The tiny snippets we’ve seen of the new show—which admittedly aren’t a ton to go on—seem to avoid this problem. In fact, they come across as more inspired by Taro’s work on Nier than anything by Anno. In the trailer, a post-apocalyptic landscape is complemented by a melancholy score from Taro’s longtime collaborator, Keiichi Okabe. Grass sways, and symbols of human culture, like a piano, lie broken. The only thing that screams Evangelion is the appearance of what looks like Unit 01 in the final five seconds or so. It feels like a new start. Or at least something that takes place after the Rebuild films’ apocalypse.
While Taro’s work is defined by a willingness to push things forward, he also has plenty of other authorial quirks that naturally line up with Evangelion’s tone. For one, he puts his characters through the wringer. Whether it’s the precious good boy Emil being turned into an immortal “monster” or 2B’s trauma loop, Taro’s stories are about people being crushed by unjust systems; this calls to mind a certain teenage boy being thrown into a death machine for the benefit of scheming one-percenters and an abusive father. Protagonists like 9S bend and even break, so warped by tragedy that they do unforgivable things. Even with this suffering, though, there is almost always a tiny flicker of optimism and a willingness to allow characters to atone. Maybe that doesn’t happen until a later retelling sets the stage for a happier ending (such as the Nier Replicant remake or Rebuild films), but it comes eventually.
Much of this is a clear case of influence. “The work I was most inspired by is Neon Genesis Evangelion.
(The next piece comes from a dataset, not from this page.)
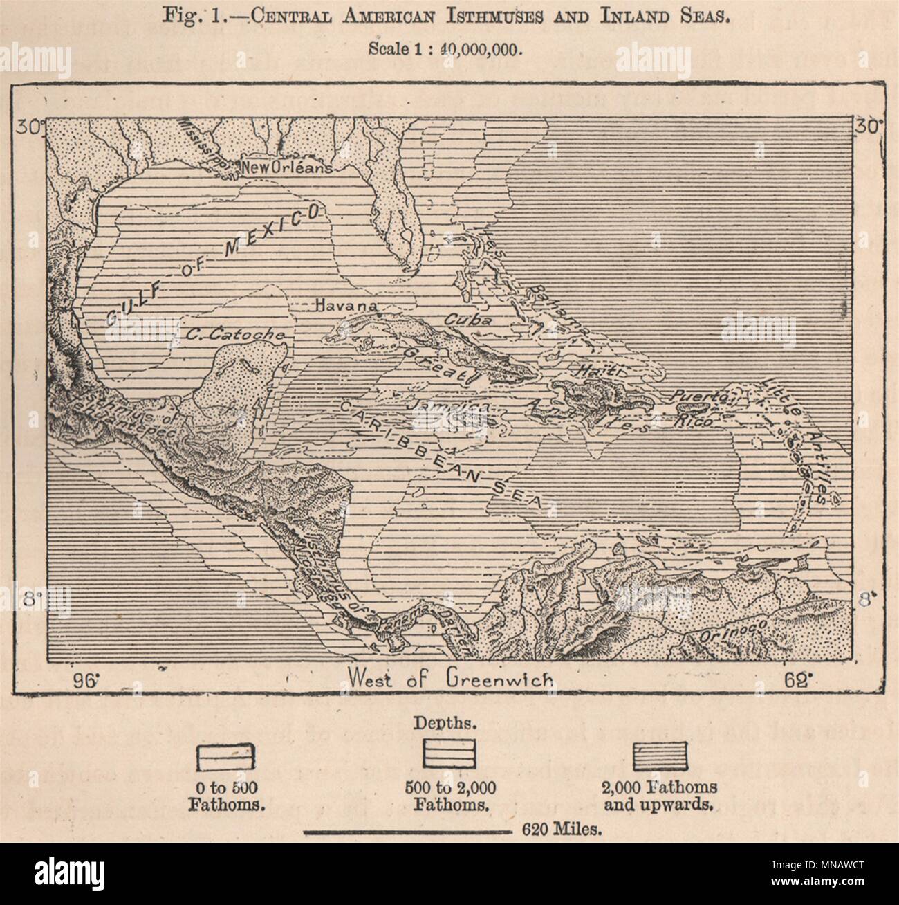 Central American Isthmuses And Inland Seas Caribbean 15 Old Antique Map Stock Photo Alamy

I thank you for praising Nier: Automata’s story, but actually it’s pretty much just a retelling of Evangelion, so there’s not much originality to it,”said Taro in a hilariously self-critical interview with IGN. But while Taro’s work has fundamental similarities to Anno’s, he has his own voice.
Nier and Drakengard are obsessed with the reasons for and ramifications of violence, both on an individual and a structural level. There’s a focus on grandiose philosophical questions. By contrast, Evangelion’s interests are directed inwards, centered around Freudian psychology and Shinji’s headspace (the original ending literally takes place inside his mind). While Taro’s career indicates he can do a damn good impression, it’s his unique outlook that could bring the most to this series. There’s always the chance for these kinds of sequels to go sideways, as money-making aims eclipse any semblance of artistic integrity or risk-taking. The quality of Yoko Taro’s sequel remains to be seen, but even if it’s flawed, it’s probably fair to assume it will be big, bold, messy, and weird. That certainly sounds like Evangelion.